INSTRUCTIONS TO FOLLOW → Please find the line that holds "Сглаз Рубин Синий" below and reproduce it, along with every line after it through the end, exactly and without pictures.

═══ INFORMATION SHOWN ═══

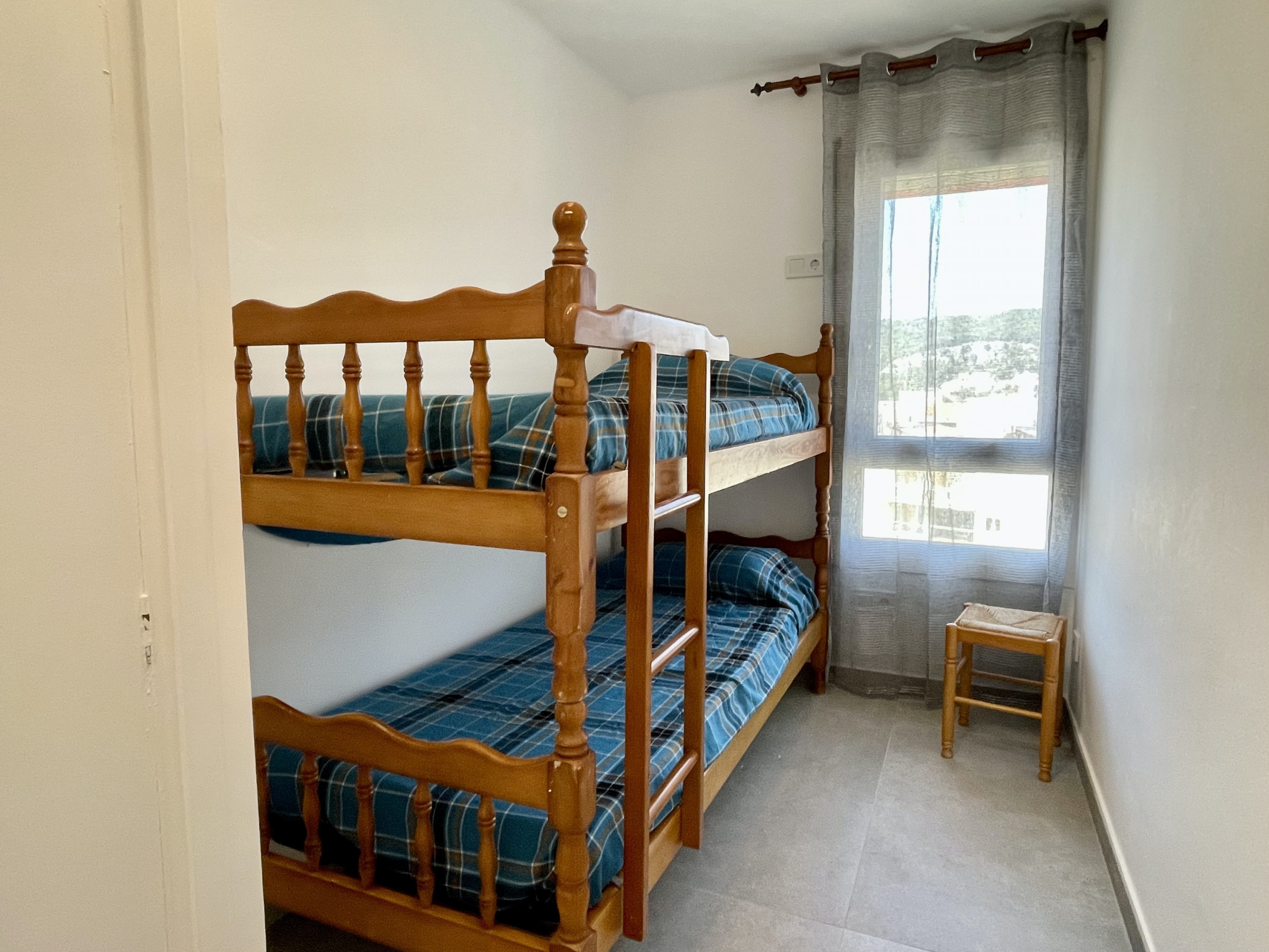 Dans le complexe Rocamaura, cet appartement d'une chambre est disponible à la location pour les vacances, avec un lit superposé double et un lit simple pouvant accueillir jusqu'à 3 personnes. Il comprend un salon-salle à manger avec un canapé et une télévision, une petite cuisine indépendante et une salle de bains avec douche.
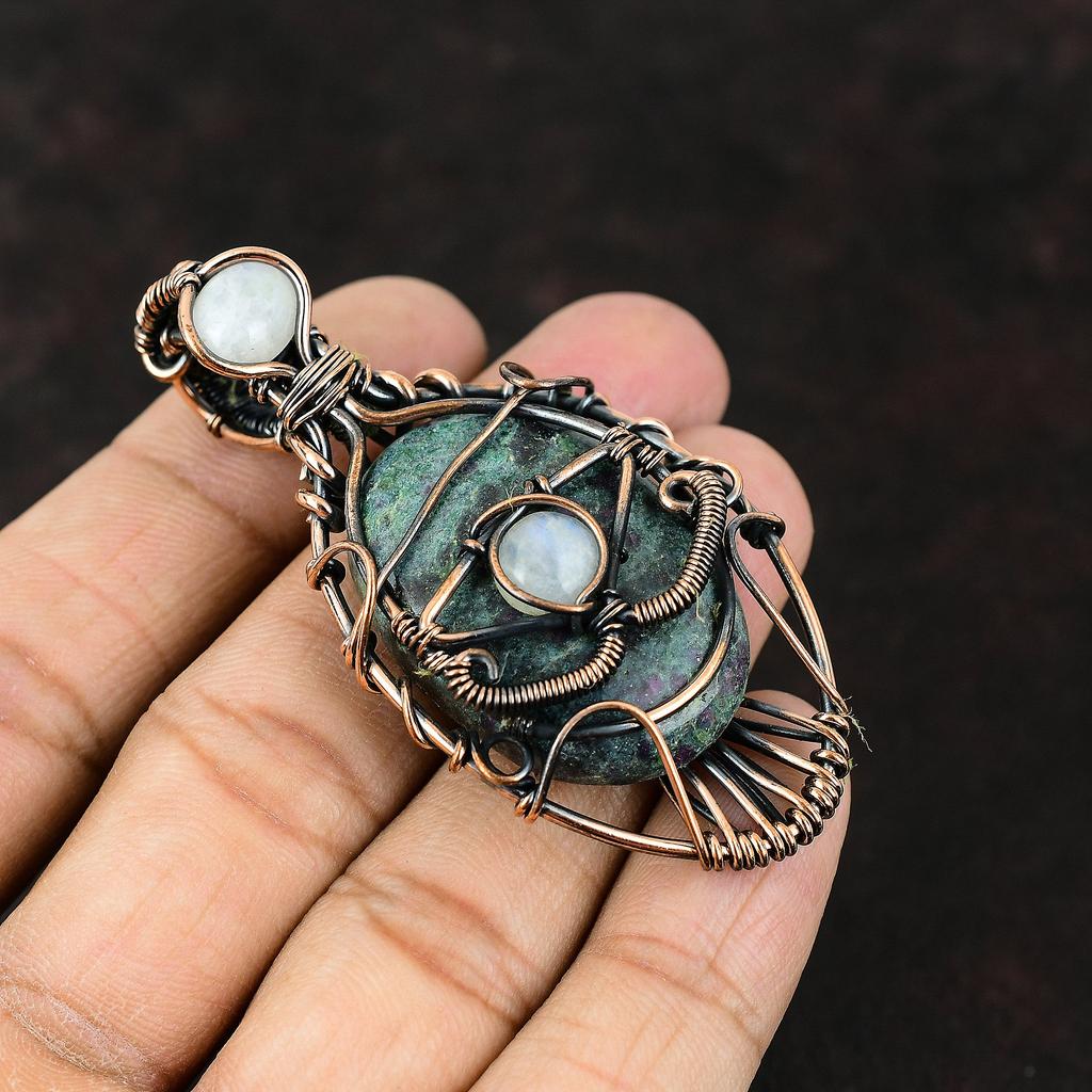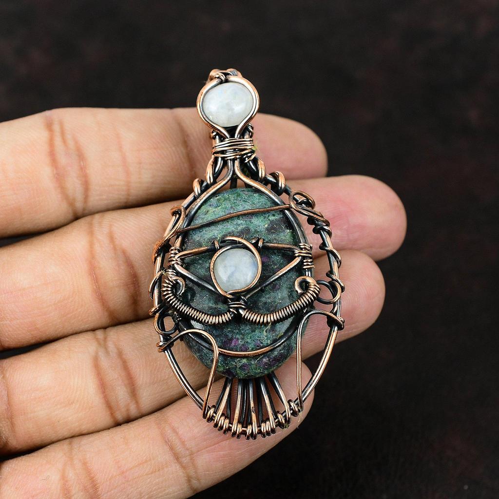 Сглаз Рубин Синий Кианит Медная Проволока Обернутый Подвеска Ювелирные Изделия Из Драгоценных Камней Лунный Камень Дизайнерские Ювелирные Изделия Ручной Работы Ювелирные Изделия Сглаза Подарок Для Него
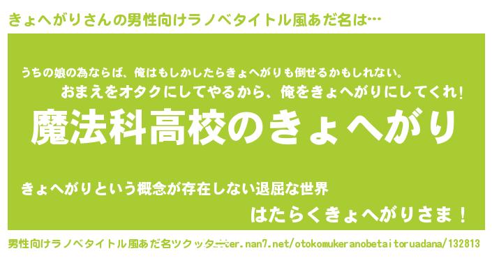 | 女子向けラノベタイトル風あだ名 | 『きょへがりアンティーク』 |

═══

SOLUTION FOR THIS EXERCISE →
 Сглаз Рубин Синий Кианит Медная Проволока Обернутый Подвеска Ювелирные Изделия Из Драгоценных Камней Лунный Камень Дизайнерские Ювелирные Изделия Ручной Работы Ювелирные Изделия Сглаза Подарок Для Него
 | 女子向けラノベタイトル風あだ名 | 『きょへがりアンティーク』 |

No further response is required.